Precise labels may serve a valid purpose in connecting buyers to products which match their preferences and beliefs, e.g. “vegan”, but some are much vaguer and in need of careful interpretation. One such descriptor is “organic” where consumers do not realize or bother to investigate the environmental implications, e.g. organic cotton has very high water and land cultivation demands which the cotton bag purveyors don’t mention.
The final word
I’ve lived in a few places in Asia where lime-green recycling trucks did not exist. Come to think of it, neither did garbage bins or recycling boxes. Plastic bags did certainly exist – in their zillions, and the discarded ones clogged every drainage ditch and every sluiceway, and wound up floating along all the drainage canals and even out into the open ocean. I recently read that sixteen African countries have now levied a tax on disposable plastic bags or else have banned their use and importation entirely. Progress indeed. Perhaps we should follow.
Thanks, Stan! This is a thoughtful and educating piece. You present a helpful perspective. It’s time for me to rethink a few of my “green” practices and choices.
Lillian and I once made a dozen or so small, cotton produce bags out of an old sheet. Been using them for years. Perhaps I can turn an old t-shirt into a tote bag.
Meanwhile, “repair” has long been one of my favourite “R” words.
Thanks again, Stan.
Very sensible Stan. I’m not one to get terribly upset about plastics (like plastic bags), if they can be disposed of properly. The carbon in plastic is locked in, basically (although manufacturing them can be problematic). We take carbon in the form of oil or gas or coal out of the ground, use it in the form of plastic, then bury it in landfills — still not in the atmosphere. Meanwhile we get use of a convenient product. If we can manufacture plastic without many emissions, what’s the problem? The point of the exercise is to stop disrupting the natural carbon cycle by putting too much carbon in the form of CO2 into the air and oceans.

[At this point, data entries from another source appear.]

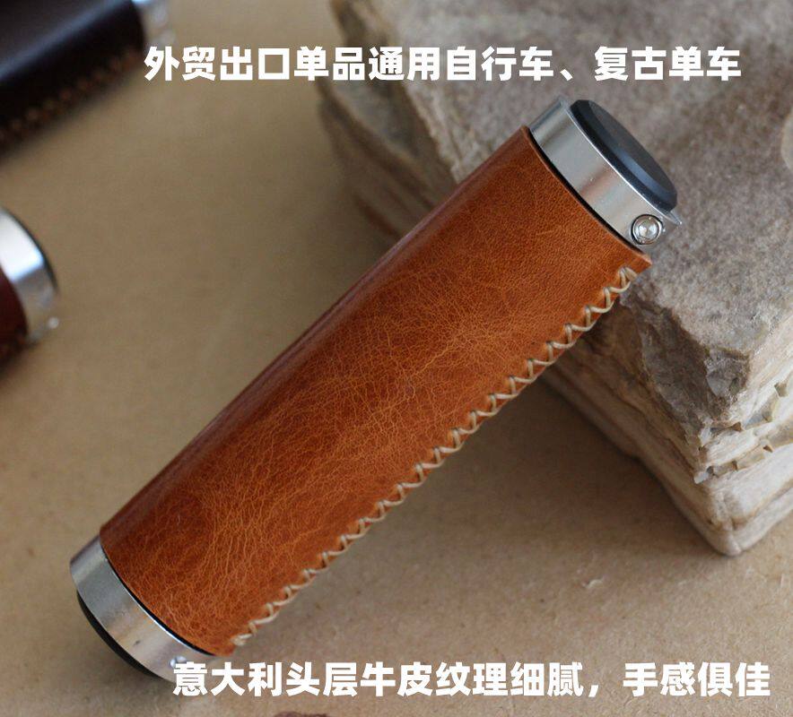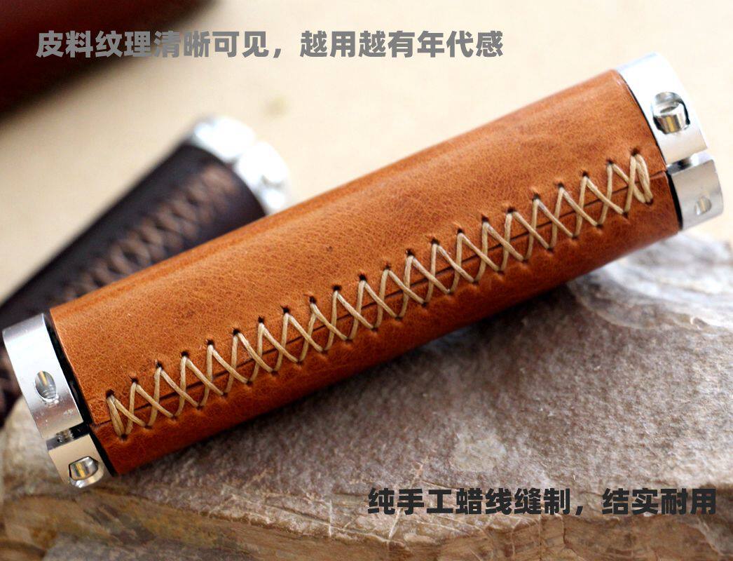 Single light brown first layer cowhide retro bicycle folding cloth car BROMPTON handlebar cover 70-130mm
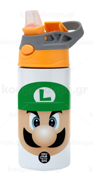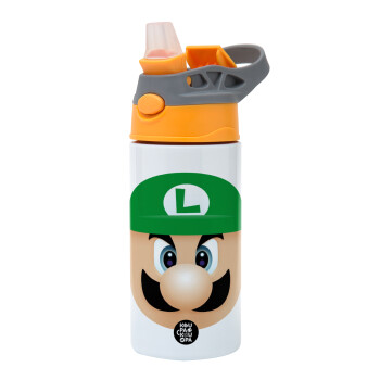 Luigi flat, Παιδικό παγούρι θερμό, ανοξείδωτο, με καλαμάκι ασφαλείας, Πορτοκαλί/Γκρι (360ml) BPA-FREE
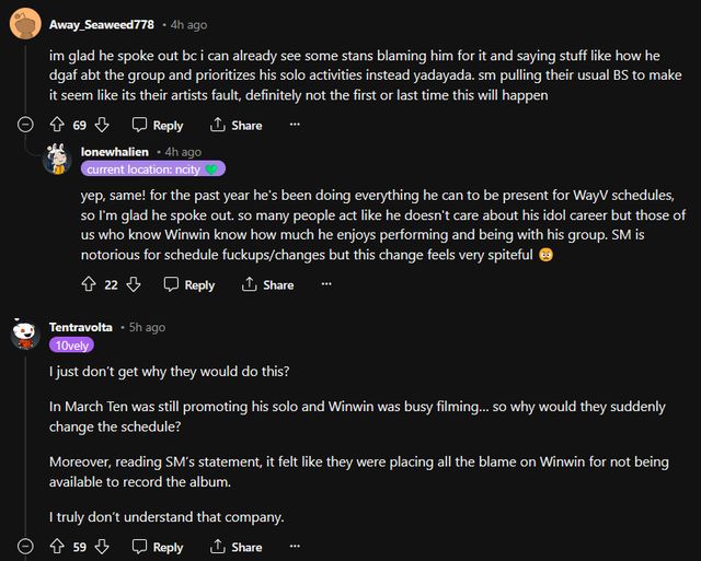 A Reddit post was even created on the topic to clear up the misunderstanding that WinWin himself is trying to ease out of WayV content and only focus on his acting career.

Wow, Stan, good summary. Heartening and depressing alike.
I find the author’s conclusions very depressing. Good analysis but lacking in solutions. We are all grappling with the household and shopping decisions as we periodically emerge from our silos in the expectation that someone will take away what we take out. Major expenditures have largely been put on one side until we can establish our income levels and look at our aging profiles. Will we be around to make those environmentally friendly big dollar purchases? Some hopes!

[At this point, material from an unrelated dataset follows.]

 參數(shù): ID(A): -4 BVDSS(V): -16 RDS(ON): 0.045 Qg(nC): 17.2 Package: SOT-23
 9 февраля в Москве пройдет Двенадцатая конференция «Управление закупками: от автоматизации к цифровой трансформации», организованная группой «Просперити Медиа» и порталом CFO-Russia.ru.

However, my real reason for writing is to take issue with the comments on water bottles. By clicking the link below you will see below two bottles, one recently purchased at the hardware store and easily sanitized but expensive to produce using the author’s analysis of where the various components come from and with high priced labour. The other wooden bottle was purchased in Kathmandu. The retained smell indicates that for many years it carried Tibetan tea, an acquired drink. I think that perhaps this indicates its origin. It is carefully crafted by poor artisans and obviously durable. I have no idea of the type of wood, but we know that wood is not plentiful in Tibet. So maybe our local artisans should get to work with newly designed, environmentally friendly, bottles based on wood from trees grown especially for that purpose! Mr Author, think outside of the box (wooden of course!).